The present study also revealed that children with higher parental education levels demonstrated better cognitive performance, regardless of screen exposure duration. This suggests that parental awareness, media supervision, and engagement in non-digital learning activities may serve as protective factors. Such findings highlight the importance of parental involvement in mitigating the cognitive risks associated with digital media exposure.
Limitations
The study’s cross-sectional design precludes establishing causality between screen time and cognitive development. The reliance on self-reported screen duration may have introduced recall bias, although parents were instructed to provide averaged estimates over a typical week. Additionally, the study did not differentiate between types of screen content-educational versus recreational-which could have provided more nuanced insights. Future research using longitudinal designs and digital usage tracking applications could better elucidate causal mechanisms and dose-response relationships.
CONCLUSION
The present study demonstrates a clear and statistically significant negative correlation between daily screen time and cognitive development in children aged 3 to 12 years.
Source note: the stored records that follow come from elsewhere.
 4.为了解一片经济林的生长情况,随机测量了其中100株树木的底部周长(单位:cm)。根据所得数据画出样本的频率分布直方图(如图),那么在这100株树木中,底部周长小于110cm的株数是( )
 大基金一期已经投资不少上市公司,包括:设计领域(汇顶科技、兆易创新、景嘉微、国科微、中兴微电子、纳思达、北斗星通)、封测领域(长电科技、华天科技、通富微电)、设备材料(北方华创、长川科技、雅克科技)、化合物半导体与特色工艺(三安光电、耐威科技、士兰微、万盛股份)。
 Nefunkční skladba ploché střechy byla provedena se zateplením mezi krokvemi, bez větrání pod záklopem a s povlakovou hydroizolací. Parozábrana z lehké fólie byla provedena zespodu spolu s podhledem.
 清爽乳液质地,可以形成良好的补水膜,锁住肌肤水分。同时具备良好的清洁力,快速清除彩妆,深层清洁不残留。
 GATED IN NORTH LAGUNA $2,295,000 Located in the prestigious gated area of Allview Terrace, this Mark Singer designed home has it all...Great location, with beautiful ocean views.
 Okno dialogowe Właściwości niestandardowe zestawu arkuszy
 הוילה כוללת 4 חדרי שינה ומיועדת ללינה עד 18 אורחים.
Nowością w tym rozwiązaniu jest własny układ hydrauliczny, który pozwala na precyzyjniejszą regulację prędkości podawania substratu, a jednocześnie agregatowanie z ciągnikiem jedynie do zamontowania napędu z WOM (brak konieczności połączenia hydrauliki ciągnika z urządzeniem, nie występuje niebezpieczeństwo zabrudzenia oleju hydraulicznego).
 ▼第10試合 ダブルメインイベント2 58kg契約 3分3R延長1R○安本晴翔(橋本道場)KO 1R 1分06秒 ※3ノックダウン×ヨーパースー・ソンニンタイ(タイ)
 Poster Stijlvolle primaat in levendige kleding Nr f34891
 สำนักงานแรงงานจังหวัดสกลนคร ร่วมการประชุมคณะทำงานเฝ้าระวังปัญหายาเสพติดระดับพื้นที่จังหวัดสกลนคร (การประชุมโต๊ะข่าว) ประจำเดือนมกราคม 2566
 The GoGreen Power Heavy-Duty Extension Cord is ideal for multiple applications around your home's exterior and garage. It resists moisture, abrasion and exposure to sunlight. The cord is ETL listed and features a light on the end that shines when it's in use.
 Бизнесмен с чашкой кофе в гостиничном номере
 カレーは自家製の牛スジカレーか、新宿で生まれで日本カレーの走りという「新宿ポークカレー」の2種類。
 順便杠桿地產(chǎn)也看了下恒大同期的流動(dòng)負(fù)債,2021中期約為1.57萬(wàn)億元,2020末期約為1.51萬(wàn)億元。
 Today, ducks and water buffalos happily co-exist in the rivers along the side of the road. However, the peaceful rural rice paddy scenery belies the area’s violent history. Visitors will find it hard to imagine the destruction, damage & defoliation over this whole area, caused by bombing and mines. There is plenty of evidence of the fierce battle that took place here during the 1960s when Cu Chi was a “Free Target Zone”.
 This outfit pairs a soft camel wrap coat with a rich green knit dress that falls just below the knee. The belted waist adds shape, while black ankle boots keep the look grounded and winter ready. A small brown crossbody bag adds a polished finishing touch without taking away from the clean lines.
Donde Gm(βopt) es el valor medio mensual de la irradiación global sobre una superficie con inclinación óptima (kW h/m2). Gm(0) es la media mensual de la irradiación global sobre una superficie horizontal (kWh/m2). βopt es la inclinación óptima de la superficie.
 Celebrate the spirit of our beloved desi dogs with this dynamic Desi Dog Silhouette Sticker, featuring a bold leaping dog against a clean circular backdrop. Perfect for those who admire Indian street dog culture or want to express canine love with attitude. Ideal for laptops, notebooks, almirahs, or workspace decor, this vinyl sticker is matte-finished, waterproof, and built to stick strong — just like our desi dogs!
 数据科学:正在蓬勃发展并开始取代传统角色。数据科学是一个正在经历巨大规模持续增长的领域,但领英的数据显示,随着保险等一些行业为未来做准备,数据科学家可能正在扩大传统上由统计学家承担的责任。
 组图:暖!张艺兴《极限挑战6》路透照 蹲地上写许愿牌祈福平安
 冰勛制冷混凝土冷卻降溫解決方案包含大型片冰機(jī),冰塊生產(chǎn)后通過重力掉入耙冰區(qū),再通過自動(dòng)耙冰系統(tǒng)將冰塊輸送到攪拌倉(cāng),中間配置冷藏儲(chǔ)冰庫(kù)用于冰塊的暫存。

Children who spent more than three hours per day using digital devices performed substantially worse on standardized cognitive assessments compared to those with limited or moderate exposure. These findings suggest that excessive screen use may interfere with crucial developmental processes, possibly by reducing real-world social interaction, impairing sleep, and promoting sedentary behaviors.
While digital media can be a valuable educational tool when used judiciously, unrestricted or prolonged exposure poses measurable risks to children’s cognitive health. The study underscores the need for balanced screen use, age-appropriate content, and active parental mediation to promote healthy neurocognitive development.